Saturday, November 2, 2013

Make a Social Media Weekend Plan

Family Time


I know the feeling. Despite having worked every weekend for the last two years, I know the desire to let it all go and just focus on the important things in life like faith and family. I’ll get there, someday, but you can get there now and still be strong at social media management.


See, the challenge is that social media for business is ever-so important. The weekends can be, for many pages and social media profiles, have the highest potential for engagement and interaction. A good chunk of people check social media more regularly on weekends than during the week. It’s also a time when money is spent in different ways so having the right engagement to go after the weekend dollars or the dollars that will be spent in the coming week can be achieved more readily on the weekends.


Unfortunately, you probably don’t have a weekend team watching and controlling everything for you. You’re stuck with it, even if you have weekends off. This translates into one of two most likely scenarios: you either spend time on the weekends using social media or you let your business social media accounts go on the weekends. Either way is bad.

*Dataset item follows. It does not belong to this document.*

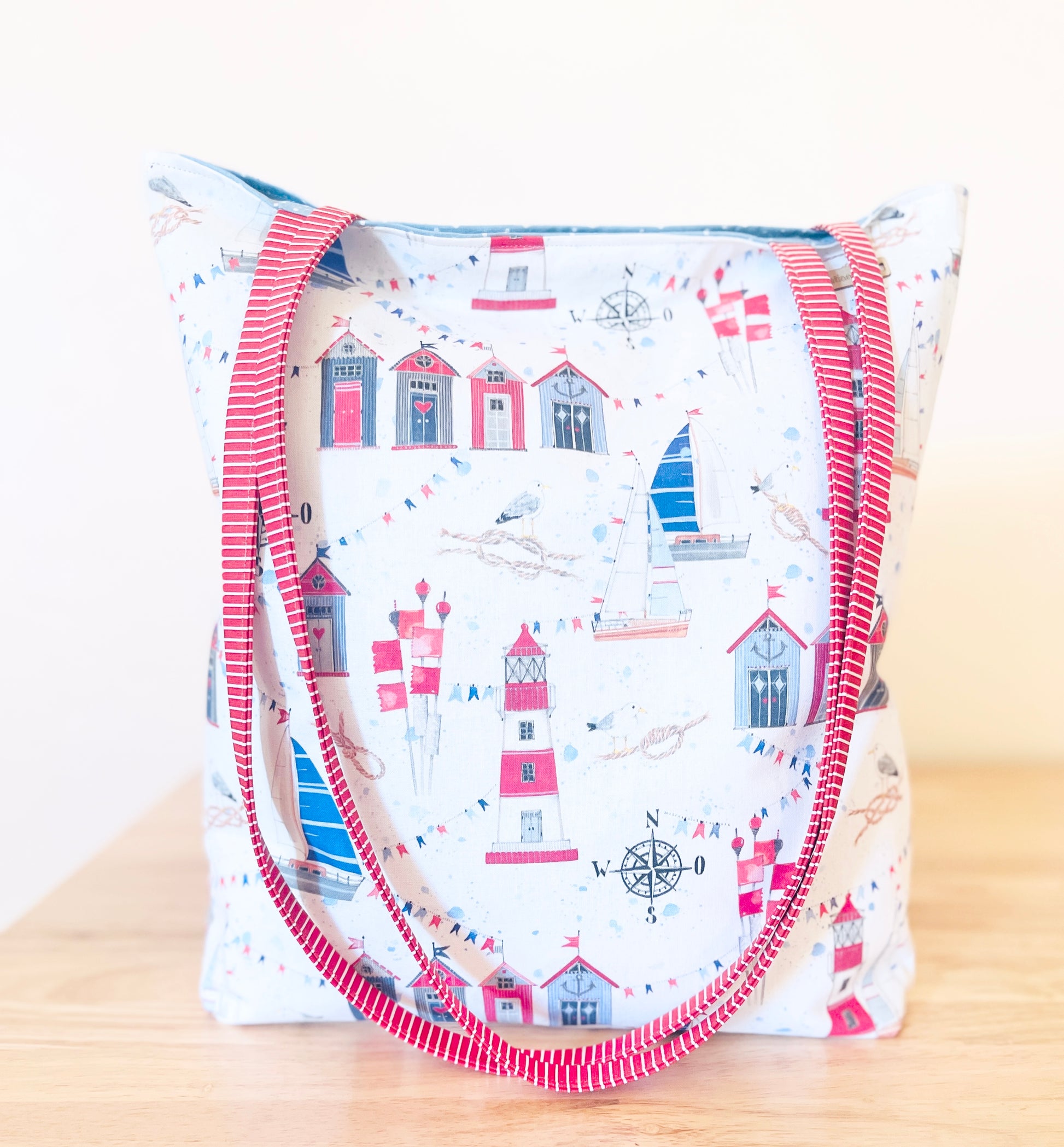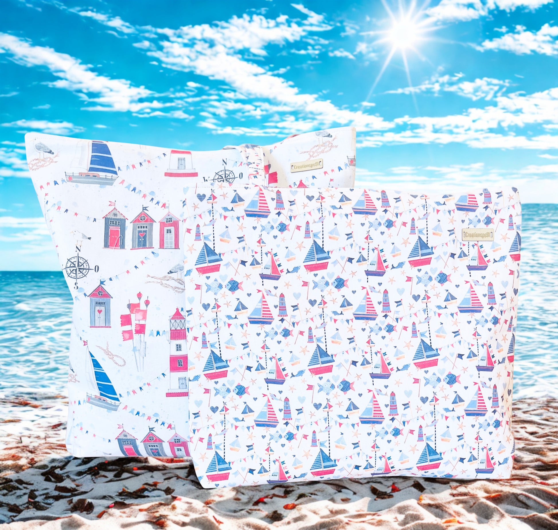 Cotton Tote Bags: Nautical Sailboat ,Lighthouse print

There’s an alternative. You can have your weekends (mostly) and still stay on top of social media as a result. Here’s how:



  1. Set up your mobile alerts. If you have a heavily-trafficked social media presence, you’re probably monitoring manually through the week, so you can turn it off then. For the weekends, yes, it means your phone will be blowing up, but you can still stay on top of it and make a decision about replying or waiting until Monday based upon the urgency. Thankfully, if it’s a casual communication, there’s nothing wrong with waiting until Monday. However, there will be important business communications and you don’t want to make those wait.

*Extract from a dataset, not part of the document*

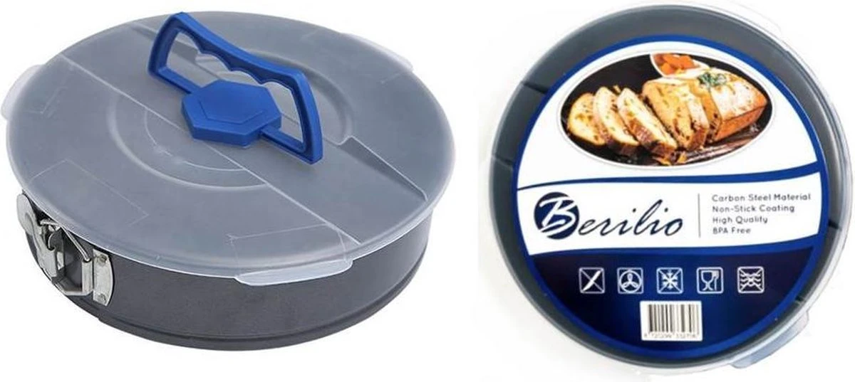 De ronde springvorm met afsluitbare deksel van Berilio beschikt over een losse bodem. De ronde taartvorm heeft een anti-aanbaklaag waardoor uw product niet blijft kleven aan de onderkant.

  2. Schedule. When I see businesses that post 5-days a week, it annoys me. Social media doesn’t take weekends off and your presence shouldn’t, either. If it makes it easier, set up a theme for the weekends. Don’t ask questions if you’re not ready to answer the responses. There’s nothing sillier than blowing a weekend with a question that brings in 500 responses blowing up your phone. Save those for the week.

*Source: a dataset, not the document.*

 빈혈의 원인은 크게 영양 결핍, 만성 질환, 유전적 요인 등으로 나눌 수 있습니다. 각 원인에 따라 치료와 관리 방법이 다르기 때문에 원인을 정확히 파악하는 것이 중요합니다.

  3. Get creative help. A part-time employee or contractor that you can trust can cover the weekends for you at a very affordable rate. Students and stay-at-home parents come in handy here. Give them tasks that can help during the week as well such as creating content that will be posted later, scheduling up Mondays that are often meeting-heavy, or vetting the new likes and followers from the week.


Social media might not rest, but that doesn’t mean you can’t. Do it the right way and either minimize or eliminate the need to be omnipresent all week while still maintaining a strong presence.